Leaving out all pictures, return exactly the lines from the one that contains "そして最大の目玉は、実物大の" through the end of the data below.
.....
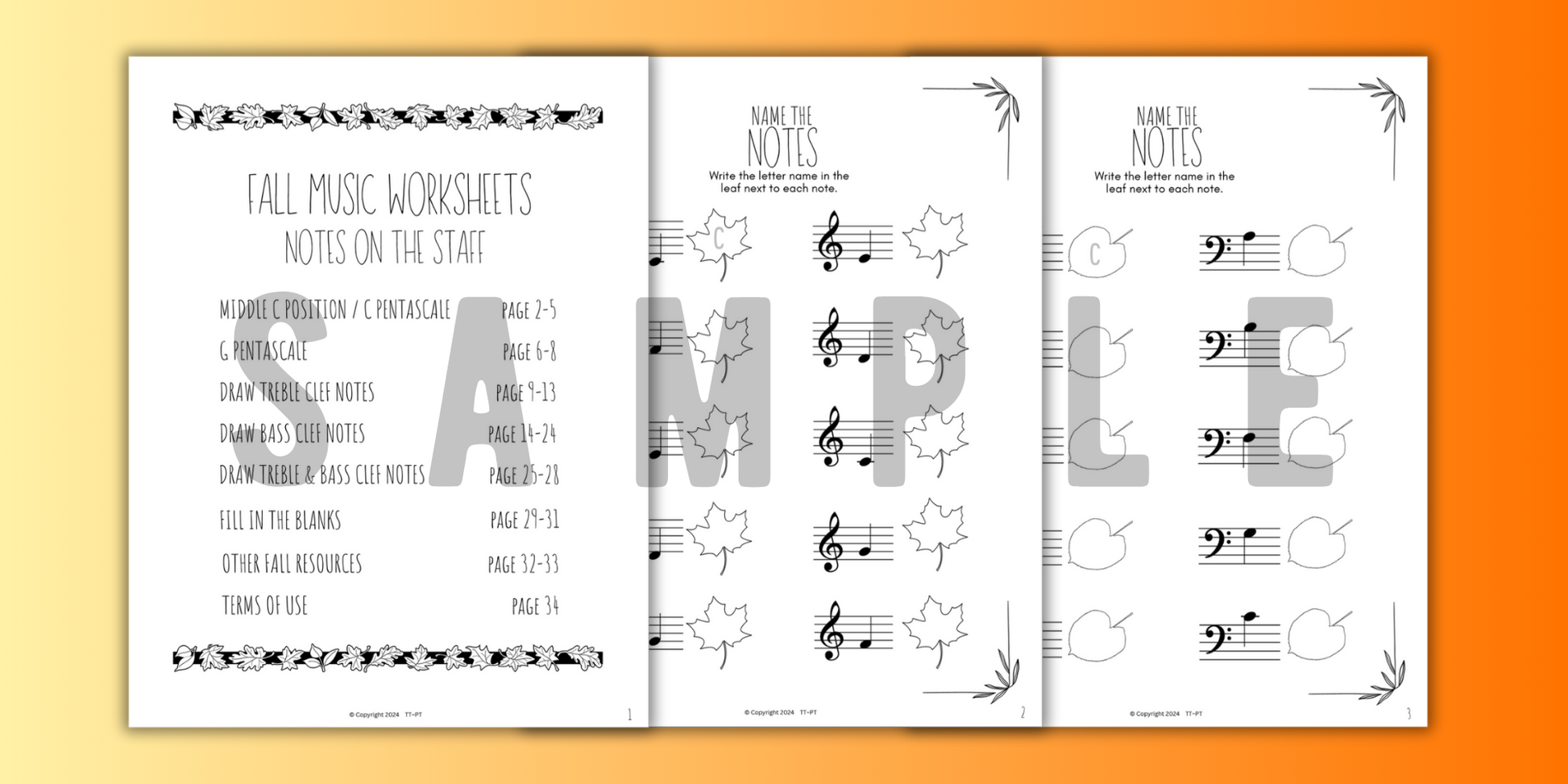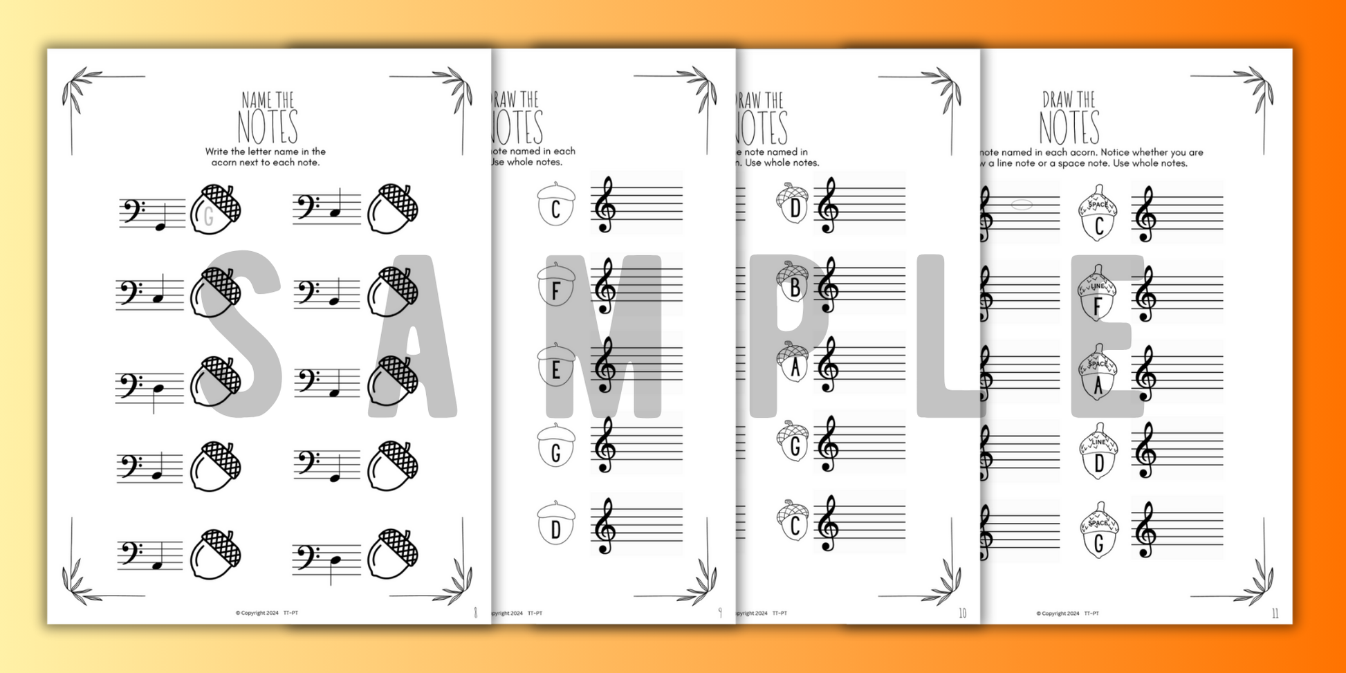 Music Theory Worksheet Pack | Notes on the Staff | Fall Theme | September, October, November
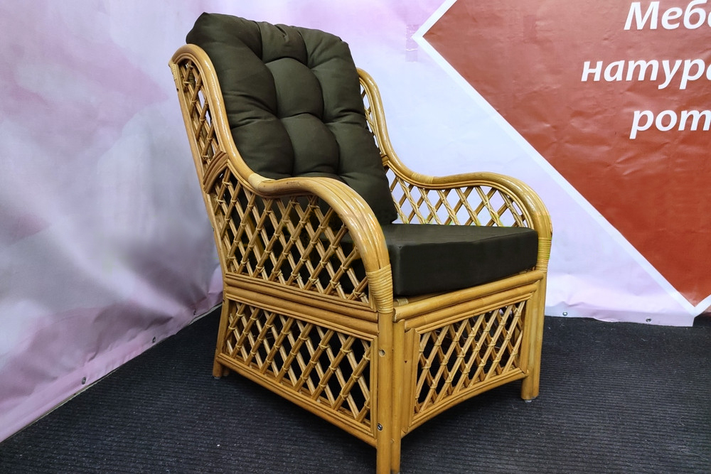 Мы предлагаем вам приобрести подушки, предназначенные для кресла из натурального ротанга «ФРАНЦИСКО», данные подушки выполнены в тёмно-зелёном цвете, но могут иметь и другие цвета. Изготовлены подушки из ткани грета, в качестве наполнителя используется синтешар первого сорта и поролон. Подойдут такие подушки для кресла, ширина которого составляет 70 см, глубина 93 см, а высота 99 см.
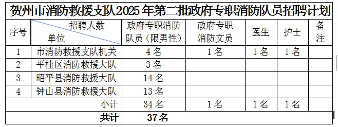2025年賀州市消防救援支隊(duì)公開(kāi)招錄政府專職消防隊(duì)員的公告
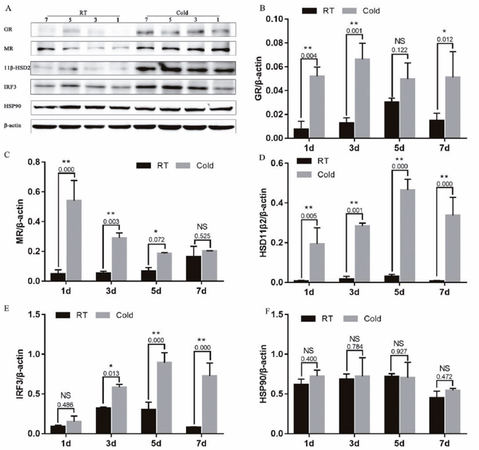As shown in Figure 4, prenatal cold stress had a significant effect on grey intensity values of GR (Figure 4B) after 1 (P=0.004), 3 (P<0.001) and 7 (P<0.012) days of cold stress, MR (Figure 4C) after 1 (P=0.000), 3 (P=0.003) and 5 (P=0.072) days of cold stress, and 11β-HSD2 (Figure 4D, P < 0.005). Furthermore, we measured levels of IRF3, an interferon regulatory factor, and levels of HSP90. There was no effect on IRF3 of cold stress 1d (P=0.486), as the duration of cold stress was extended, placental IRF3 expression significantly increased (Figure 4E, P < 0.013). However, cold stress had no significant effect on HSP90 expression (Figure 4F, P>0.400).
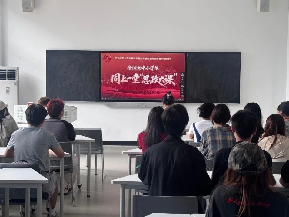 课堂上,授课老师通过珍贵的历史影像、生动的英雄事迹,带领大家重温了抗日战争时期中国人民不畏强暴、浴血奋战的壮阔历程,深刻解读了“天下兴亡、匹夫有责的爱国情怀,视死如归、宁为玉碎的民族气节,不畏强暴、血战到底的英雄气概和百折不挠、坚韧不拔的必胜信念”的伟大抗战精神内涵。
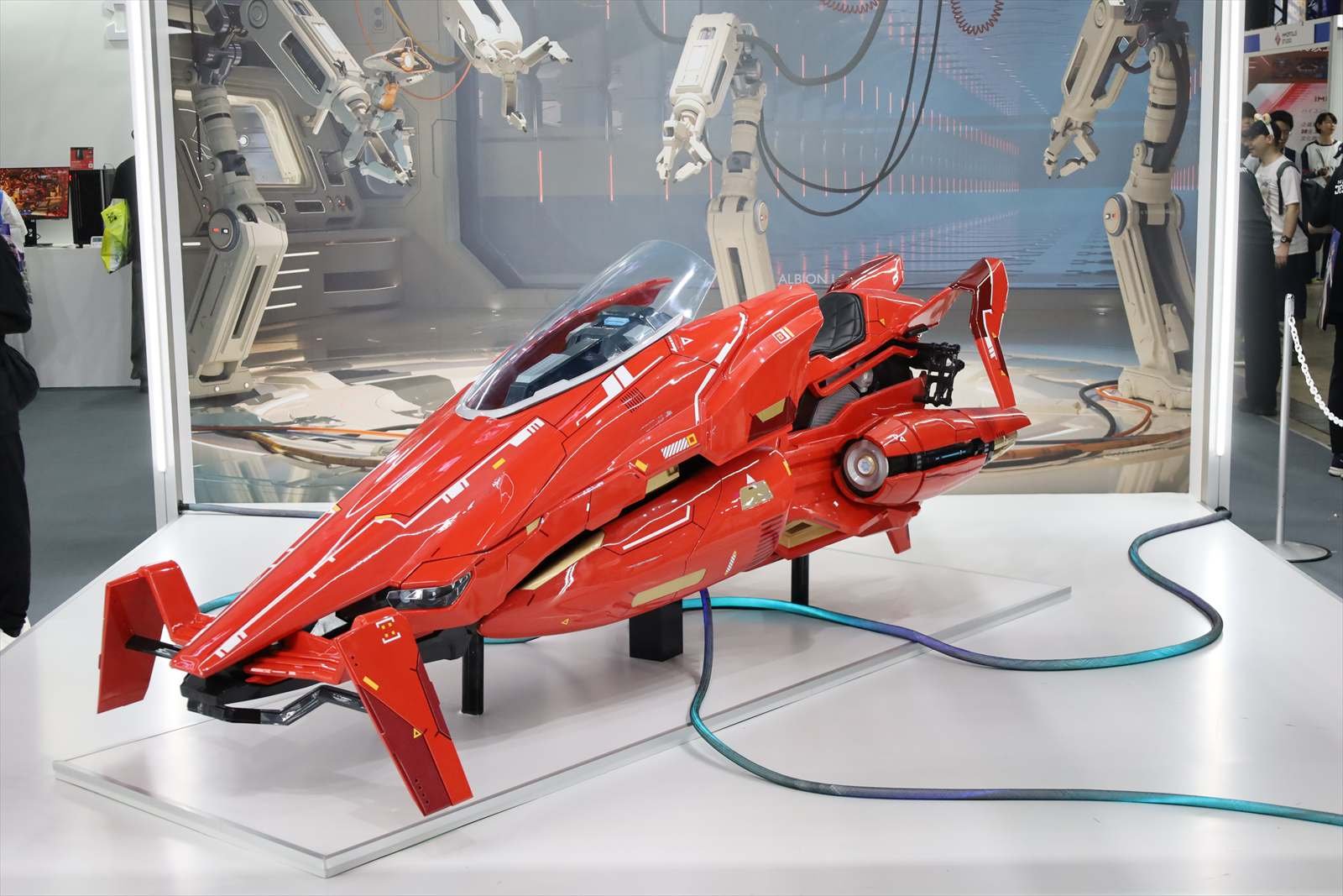そして最大の目玉は、実物大のホバーバイク「ボルテックス」の展示である。流線形のボディに赤い塗装が映え、光沢のある質感がまるで実機のようなリアリティを放つ。全長は大型バイクほどで、画面の中では軽やかに見える乗り物が、実物では迫力と重量感を伴って迫ってくる。ゲーム内で改めてホバーバイクに乗るときの体感も変わりそうだ。シーズンのテーマ「突破」を表したような疾走感を感じる力の入った展示物となっている。
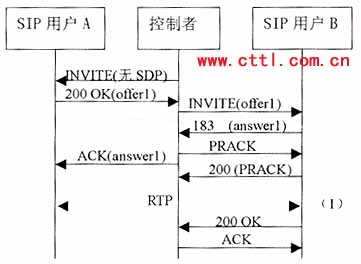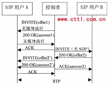 控制者再向B發(fā)送一個沒有SDP的INVITE。B應答的200 0K響應中包含一個提供offer2,控制者應該基于offer2向A發(fā)送一個re-INVITE,注意。offer2可能需要稍作修改來滿足媒體要求。例如如果offer1包含一個音頻和一個視頻行,而offer2只有一個音頻行,控制者就需要在offer2中增加一個視頻行(端口設為O)來構成offer2’。由于這是一個re-INVITE,所以通常應該能立即收到響應。A的200
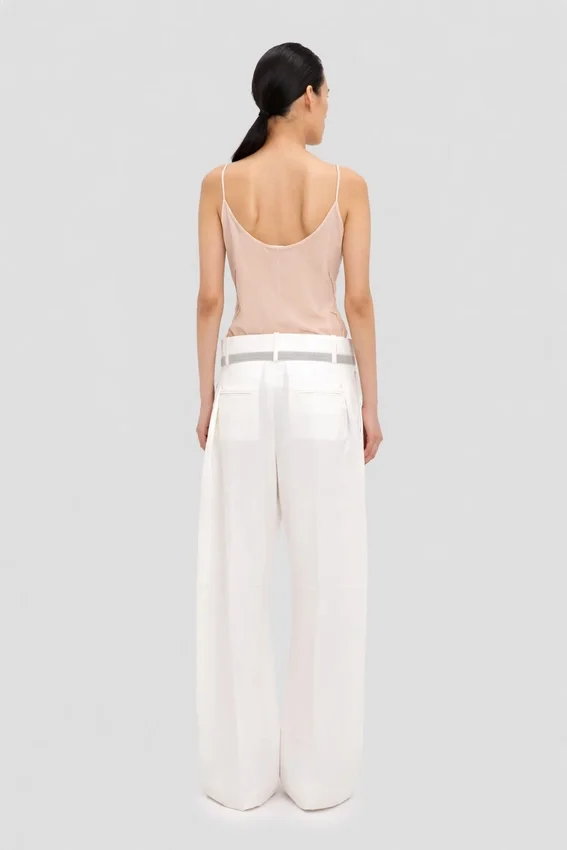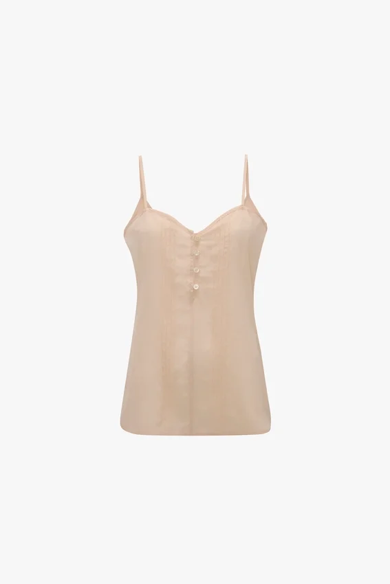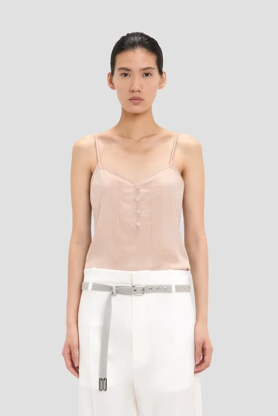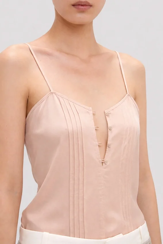 a sensuous low back elevates the rouleaux cami top. hip length and sleeveless, it also has a pin-tuck detail for a discreet but distinctive finishing touch. presented in tender blossom, it is a provocative but polished piece of ready-to-wear.
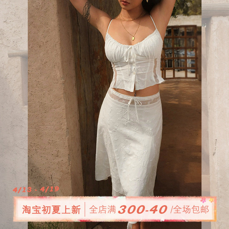 ITSNIKAR 法式玫瑰刺绣蕾丝朱莉套装女设计感吊带背心半裙两件套
.....
## Exercise answer
そして最大の目玉は、実物大のホバーバイク「ボルテックス」の展示である。流線形のボディに赤い塗装が映え、光沢のある質感がまるで実機のようなリアリティを放つ。全長は大型バイクほどで、画面の中では軽やかに見える乗り物が、実物では迫力と重量感を伴って迫ってくる。ゲーム内で改めてホバーバイクに乗るときの体感も変わりそうだ。シーズンのテーマ「突破」を表したような疾走感を感じる力の入った展示物となっている。
 控制者再向B發(fā)送一個沒有SDP的INVITE。B應答的200 0K響應中包含一個提供offer2,控制者應該基于offer2向A發(fā)送一個re-INVITE,注意。offer2可能需要稍作修改來滿足媒體要求。例如如果offer1包含一個音頻和一個視頻行,而offer2只有一個音頻行,控制者就需要在offer2中增加一個視頻行(端口設為O)來構成offer2’。由于這是一個re-INVITE,所以通常應該能立即收到響應。A的200
 a sensuous low back elevates the rouleaux cami top. hip length and sleeveless, it also has a pin-tuck detail for a discreet but distinctive finishing touch. presented in tender blossom, it is a provocative but polished piece of ready-to-wear.
 ITSNIKAR 法式玫瑰刺绣蕾丝朱莉套装女设计感吊带背心半裙两件套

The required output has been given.